%%
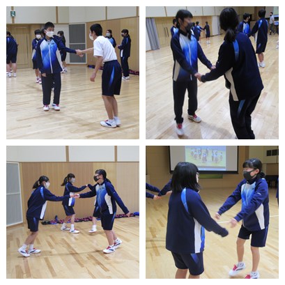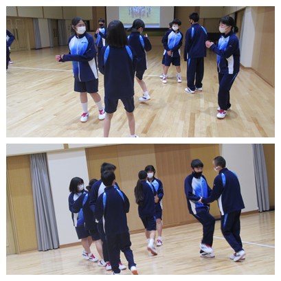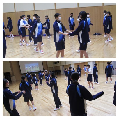 今日踊ったのは、ロシアの「コロブチカ」という曲です。ペアで練習した後に、グループになって、踊っていました。どんどん相手が入れ替わっていくダンスです。次の時間も楽しみですね。
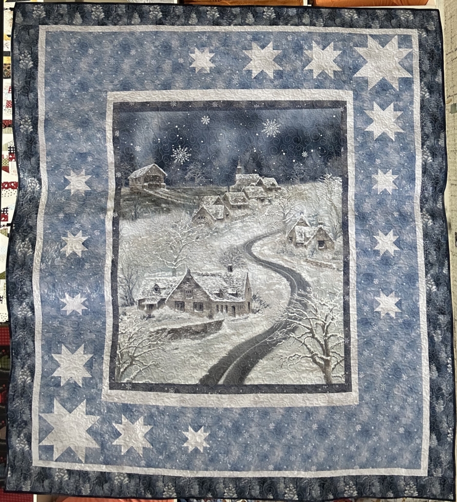 Gorgeous winter scene in soft blues and cream featuring a textured panel surrounded by snowflakes. It has a blue tonal flannel back, is hand bound and bamboo batting. 60.5″ x 68.5″
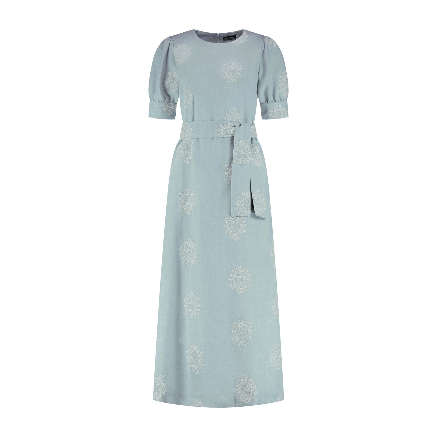 Jurk Elga is een elegante lange damesjurk in ijsblauw met een verfijnde offwhite ingeweven motief. De jurk heeft korte pofmouwen met een brede bies, een ronde halslijn en een bijpassende strikceintuur...
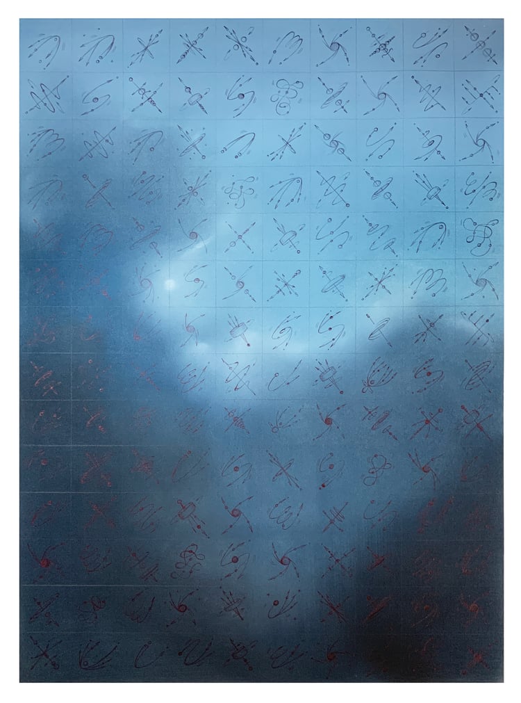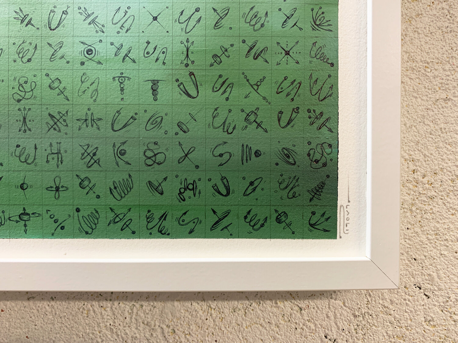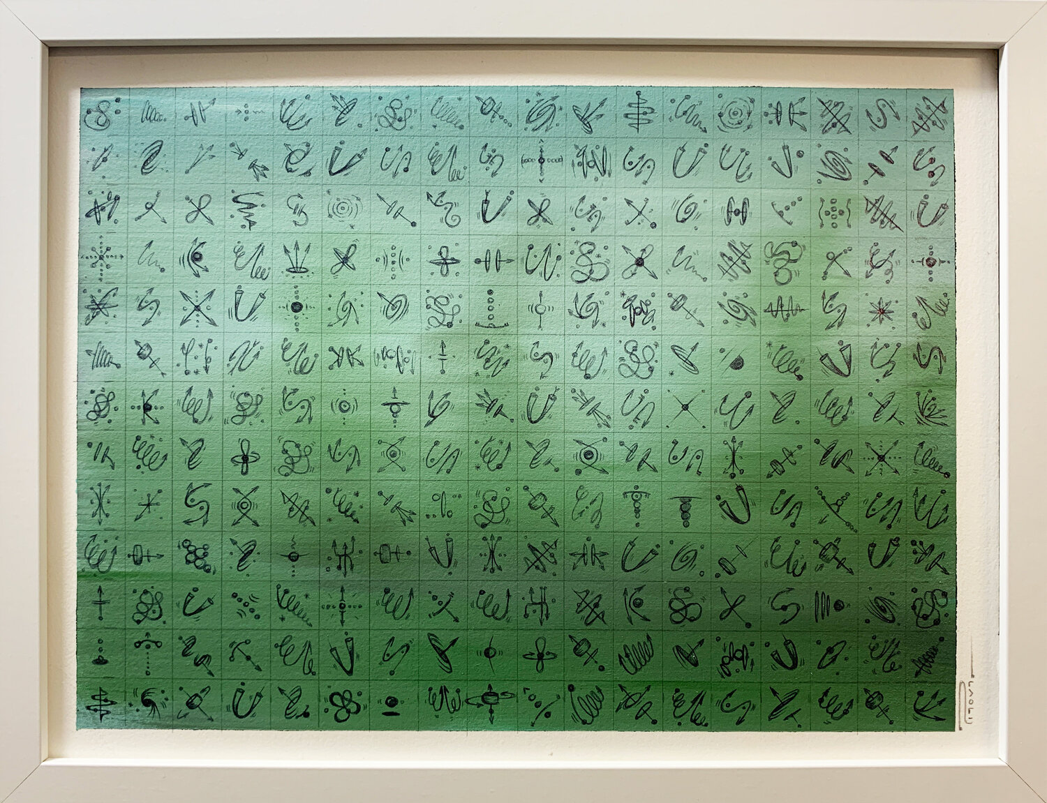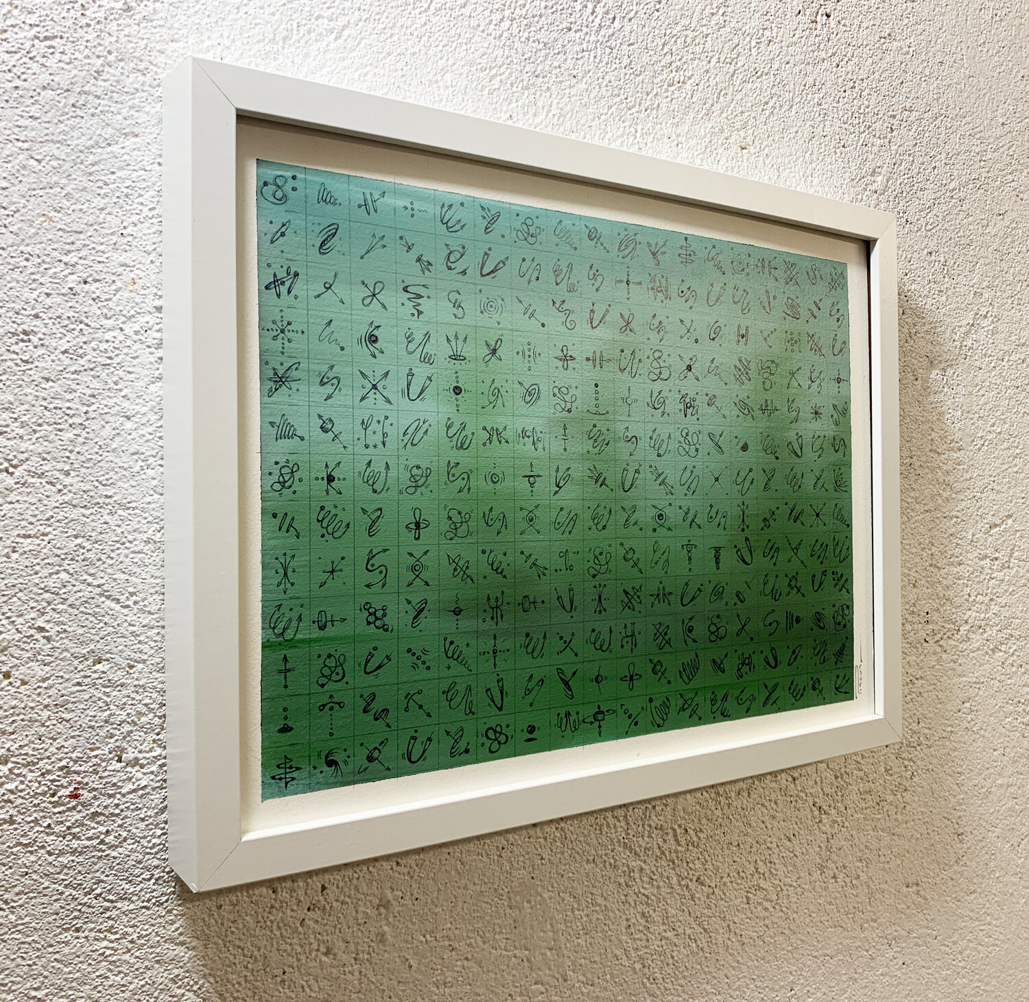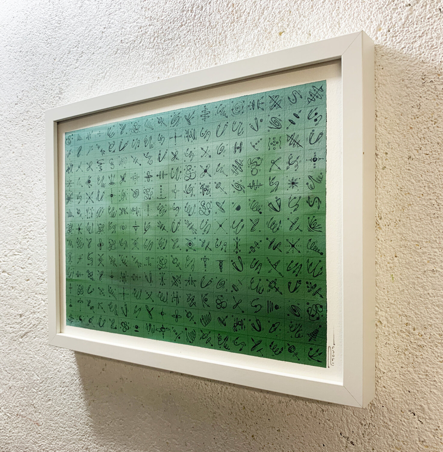a meticulously arranged grid of abstract glyphs or cosmic diagrams, rendered with delicate ink lines against a gradient wash of turquoise and green. At first glance, the work suggests a fusion of celestial cartography, atomic structure, and surrealist notation—blurring the boundary between the scientific and the mystical.
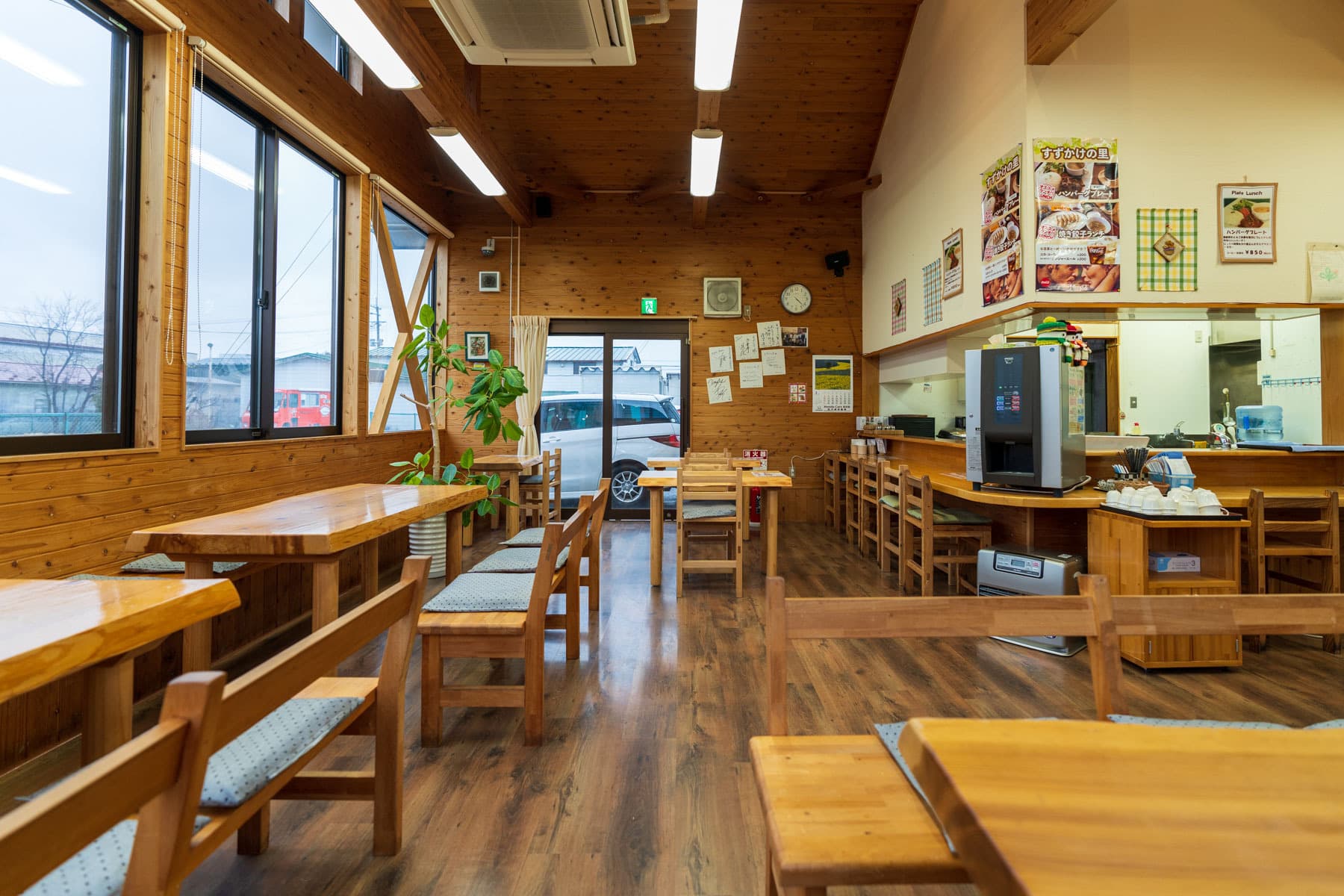 木が香る建物、さらには一枚板のテーブルやイスも和賀建設が手掛けました。
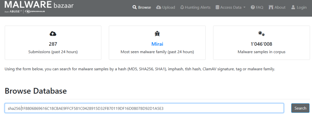 In Task 3, File Hask Lookup, we will be using Virustotal and Malwarebazaar.
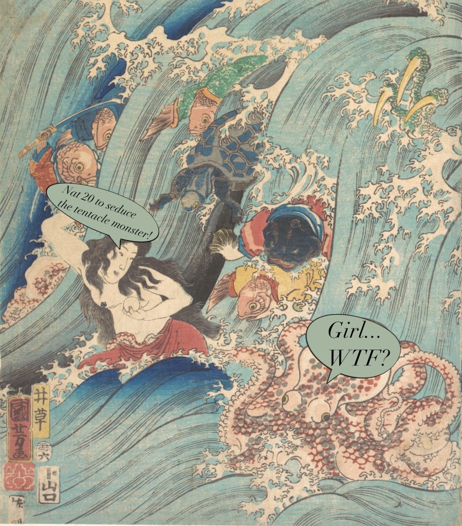 On a success: When the flumphs turn back to look at you, you step forward to the pool of liquid. Feeling a bit awkward but also maybe turned on by everyone staring, you pull your own version of a tentacle from your pants. You try to bring yourself to a quick orgasm so you’re not holding up the line. After you add your genetic material to the pool, you step back to join the crowd.
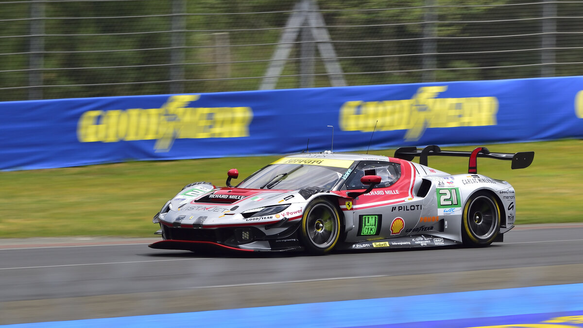 #21, Ferrari 296 GT3 LMGT3, Vista AF Corse, Fahrer: François Hériau, Simon Mann & Alessio Rovera. Aufnahme: am Testtag der 24 Stunden von Le Mans 2025, am 8.Juni 2025
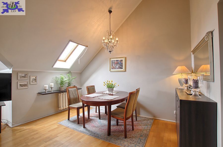 Mieszkanie jest bardzo słoneczne, jasne i ciepłe z przestronnym salonem , który w najwyższym punkcie ma 5 m wysokości, dwiema dużymi sypialniami, odrębną kuchnią , holem i łazienką razem z wc. oraz pomieszczeniem w którym może powstać dodatkowe wc (wykonano podłączenia) lub garderoba. Nad częścią mieszkania znajduje się antresola.
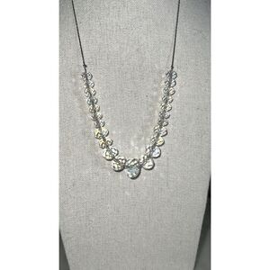 Glass Necklace faceted AB beads graduated silver tone chain EUC 9”
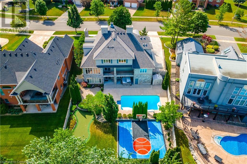 Welcome to 3542 Matthews Drive — a stunning custom-built estate in one of Niagara Falls’ most prestigious enclaves. This meticulously designed home offers the perfect balance of refined elegance, comfort, and unforgettable outdoor living, all backing onto a serene ravine setting. From the moment you arrive, you’ll be captivated by the grandeur and thoughtful layout of this residence. The main floor features a private home office with custom built-ins, ideal for professionals or those working from home. A sunken living room with a gas fireplace and expansive windows fills the space with warmth and natural light, while the open-concept kitchen is a chef’s dream — complete with built-in appliances, an abundance of counter space, stylish storage solutions, and a peninsula breakfast bar perfect for entertaining. Upstairs, you’ll find four generously sized bedrooms, each with massive closets, including a primary retreat with a spa-inspired ensuite that invites you to relax and unwind in luxury. The fully finished walk-out basement adds even more living space with a fifth bedroom, wet bar, dedicated guest area, ample storage, and direct access to the backyard. Step outside to your own private resort-style paradise, featuring a large in-ground pool with slide, hot tub, putting green, and a half-court basketball area — all set against a beautifully landscaped backdrop that backs onto a peaceful ravine. Additional highlights include a finished 4-car garage, classic finishes throughout, and a layout that blends sophistication with everyday functionality. This is more than a home — it’s a lifestyle. Don’t miss your chance to own one of Niagara Falls’ finest properties. (id:51158)
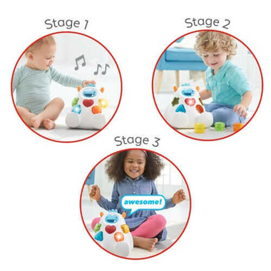 Teach little ones shapes and colors in three stages with this fun friend. Skip Hop interactive Yeti talks, spins and more as baby explores. As baby learns and grows, it switches to a shape sorter and game mode with rewarding lights, music and giggles.
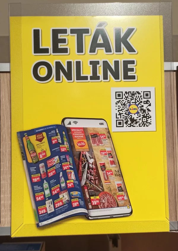 Například Lidl má ve svých obchodech mezi regály velký QR kód, z nějž si můžete aktuální leták platný pro danou prodejnu ihned stáhnout do svého telefonu.
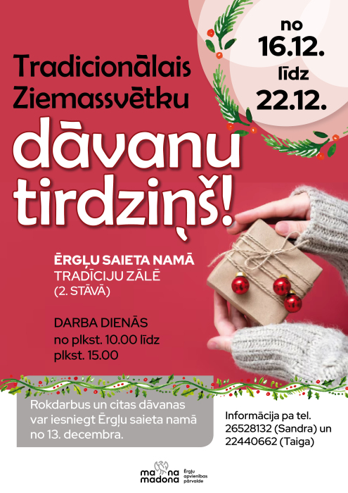 16.-22. decembrim Ziemassvētku dāvanu tirdziņš Ērgļos
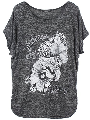 Emma & Giovanni - T-Shirt/Top Fiori - Donna (Nero, S/M)
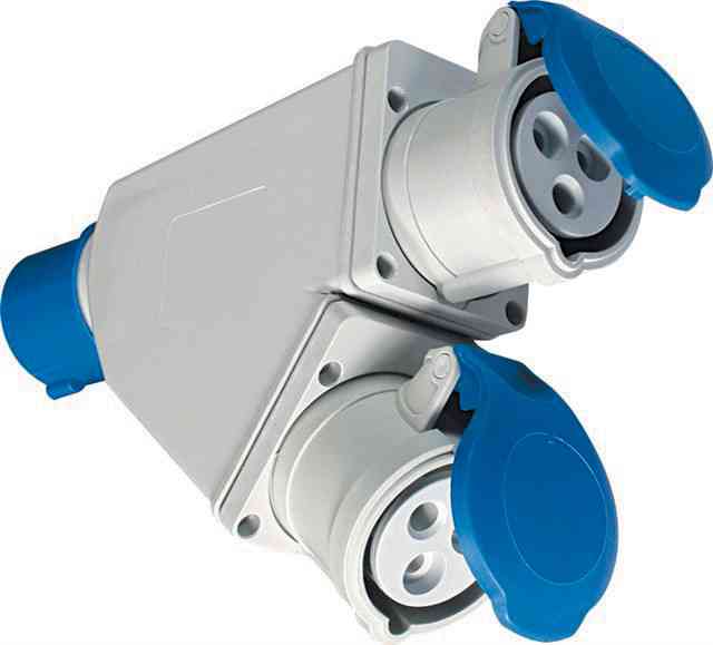 Art. 73.105 in materiale termoplastico autoestinguente. Grado di protezione IP 44. Costruite nel rispetto delle norme vigenti adattatore doppio da 16A CEE a 2 prese 16A CEE Tensione 220 V
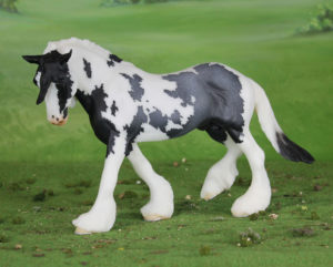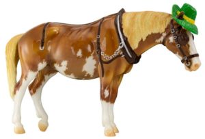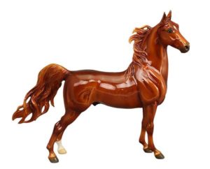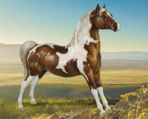 Matte shaded chestnut; dapples; wide blaze; 4 socks; pinto marking on belly; striped hooves; 3rd in America the Beautiful Series; Web SR; 1/350
%%
● **HOW TO COMPLETE THIS TASK**
Output exactly, and with no pictures, the lines from the line that holds "Emma & Giovanni" through the last line of the listing above.

● **REPLY TO THE EXERCISE**
 Emma & Giovanni - T-Shirt/Top Fiori - Donna (Nero, S/M)
 Art. 73.105 in materiale termoplastico autoestinguente. Grado di protezione IP 44. Costruite nel rispetto delle norme vigenti adattatore doppio da 16A CEE a 2 prese 16A CEE Tensione 220 V
 Matte shaded chestnut; dapples; wide blaze; 4 socks; pinto marking on belly; striped hooves; 3rd in America the Beautiful Series; Web SR; 1/350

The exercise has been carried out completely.